American politician (1922–2013)

Isaiah "Ike" Dixon Jr. (December 23, 1922 - April 26, 2013) was an American politician and businessman.

==Life==
Dixon was born in Baltimore, Maryland and graduated from Frederick Douglas High School in 1941. He served in the United States Army and was stationed in El Paso, Texas. He then went to Howard University and was in the insurance, bail bonds, and real estate businesses.

He was first elected to the Maryland House of Delegates in 1966 as a Democrat. In 1972, he proposed that Harbor City Boulevard be named in honor of Dr. Martin Luther King Jr., a measure which was adopted a decade later.
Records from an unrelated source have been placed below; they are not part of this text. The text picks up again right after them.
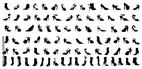 Shoe silhouettes collage: A stylish collection of various shoe silhouettes, showcasing diversity in fashion and footwear styles from elegant high heels to sturdy boots.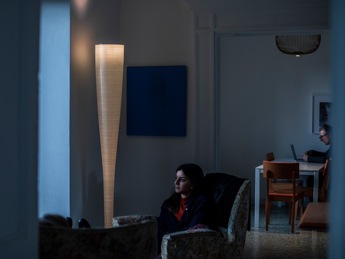 Mite features contemporary materials, a mix of fiberglass and carbon thread or Kevlar®, which acts both as ornament and supporting structure. The technology behind this project is the same as used in golf club manufacture, but Foscarini was the first to use it in the lighting field.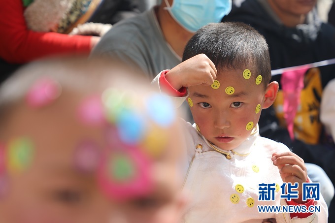 做完游戲后臉上貼滿貼紙的小朋友。新華社記者 張玉潔 攝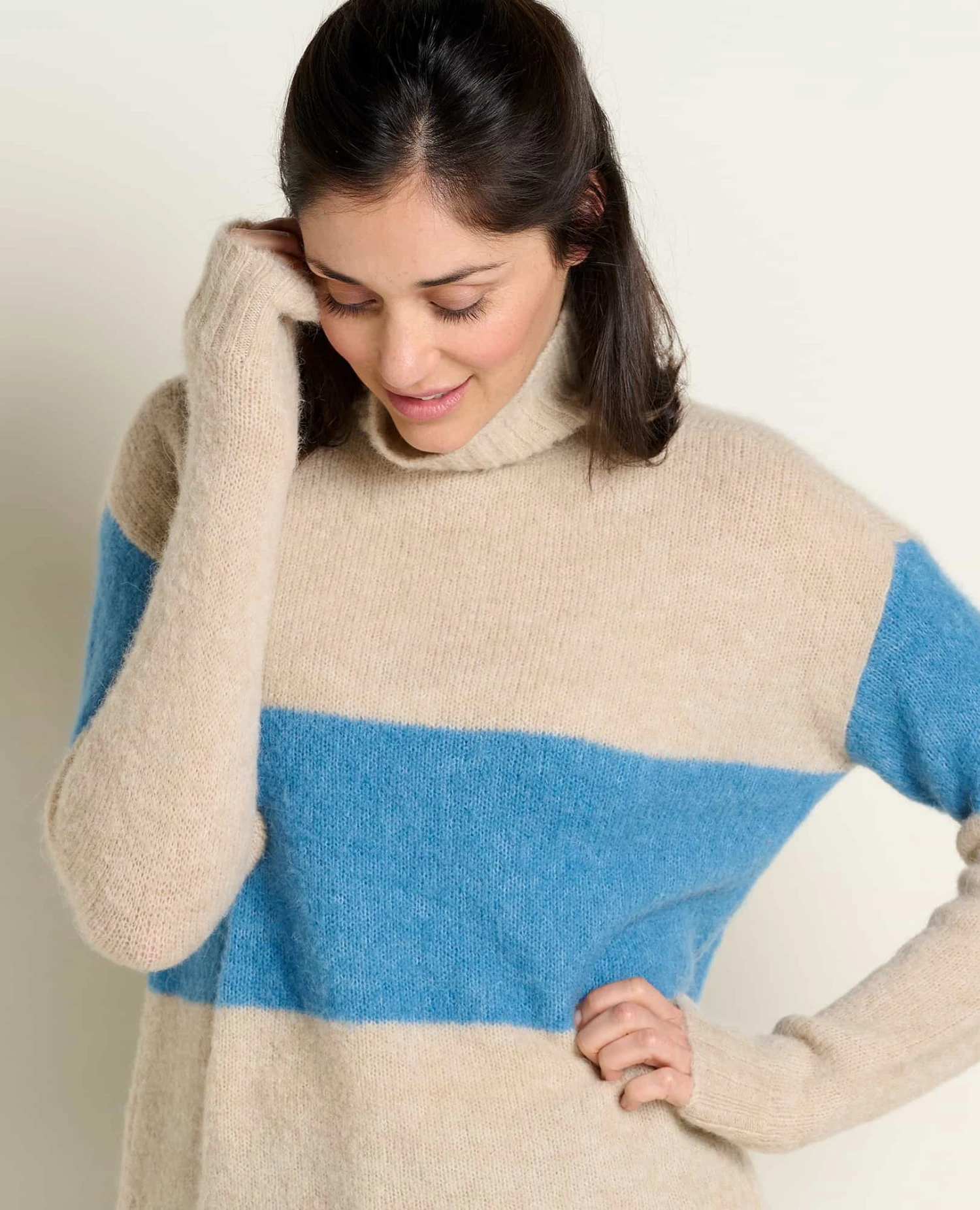 Fit: Relaxed fit, turtle neck, drop shoulder, 22.5″ length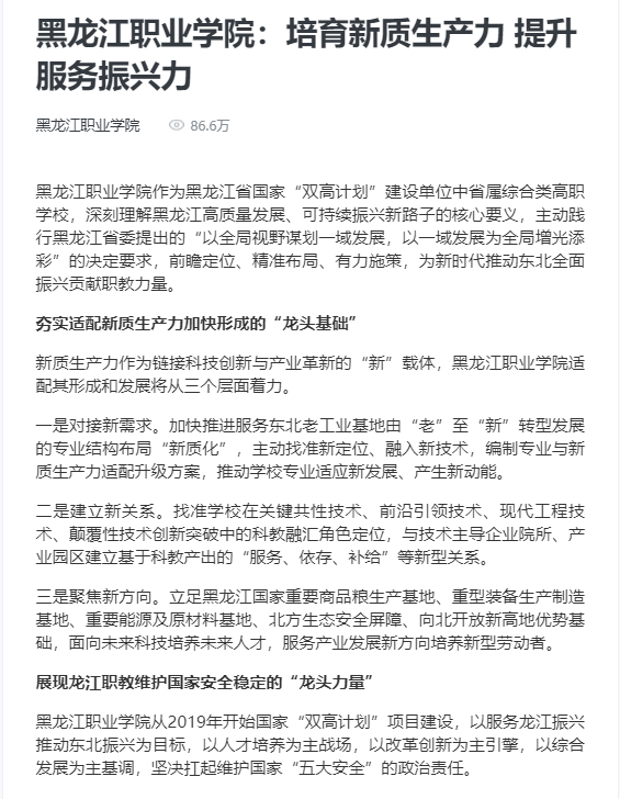 下一篇:【新华社黑龙江频道】永利集团88304官网依托国家智慧教育公共服务平台创新“一核三线六精神”育人模式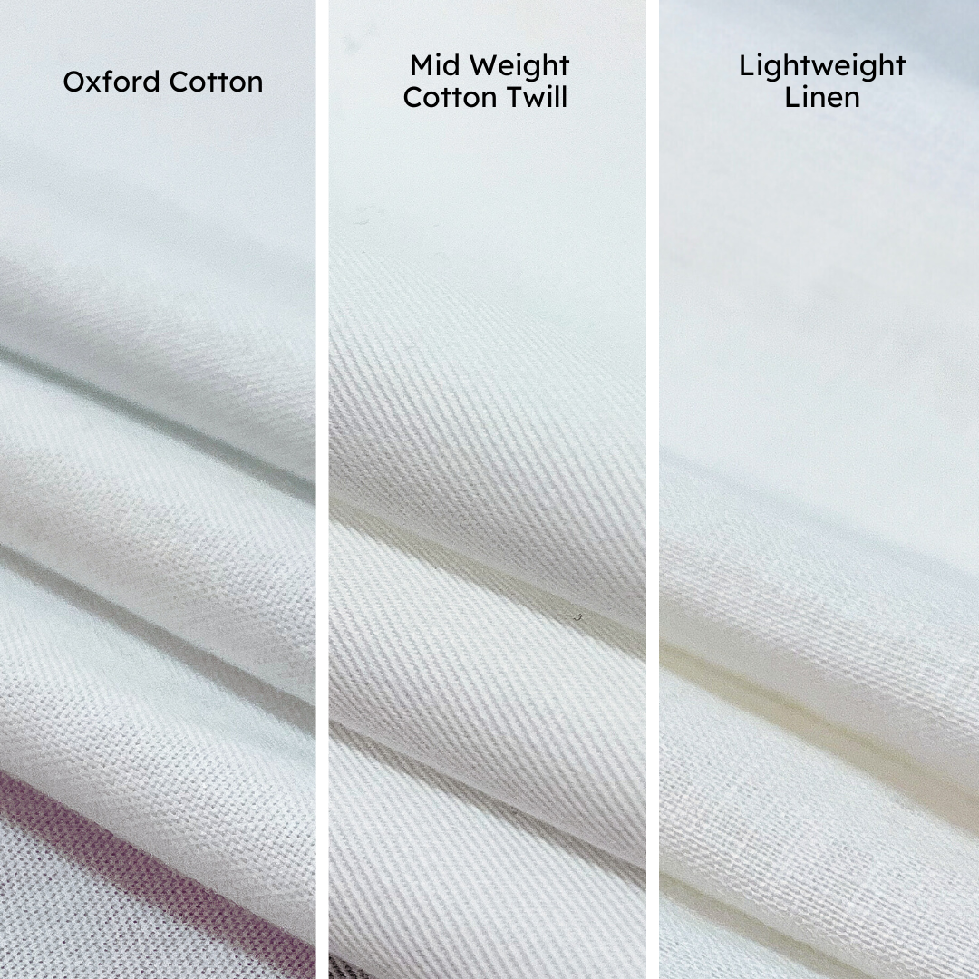 - Oxford Cotton: Durable and versatile fabric characterized by its basket-weave structure and soft, slightly textured finish, and known for its resilience and breathability. Machine wash with cold water, tumble dry low.

Other legislation that he was involved in included granting the Baltimore City mayor the power to appoint the police commissioner and a bill making cross-burning a felony. He served in the House of Delegates until 1982. After leaving the House, Mr. Dixon waged unsuccessful campaigns for the House of Delegates in 1986 and for the City Council in 1987.

Mr. Dixon was elected as a delegate to the 1976 Democratic National Convention. He served on the Greater Baltimore Board of Realtors Arbitration Panel and on the board of directors of the National Aquarium. He was also a member of the NAACP, receiving that organization's Certificate of Honor in 1970; and of Kappa Alpha Psi fraternity, which awarded him a Life Membership Certificate in 1992.

In 1978, Dixon attempted to introduce legislation in the Maryland state legislature to make it illegal to play Randy Newman's song "Short People" on the radio. He was advised by Attorney General Francis B. Burch that such a law would be a violation of the First Amendment.

His father was Ike Dixon who was a jazz musician and owner of the Comedy Club, a venue which showcased notable jazz singers. Isaiah Dixon and his brother Howard Dixon took over the management of the club after their father's death in 1953 until the club's closure in the 1960s.

He died in Timonium, Maryland and is buried at Arbutus Memorial Park, Arbutus, Maryland.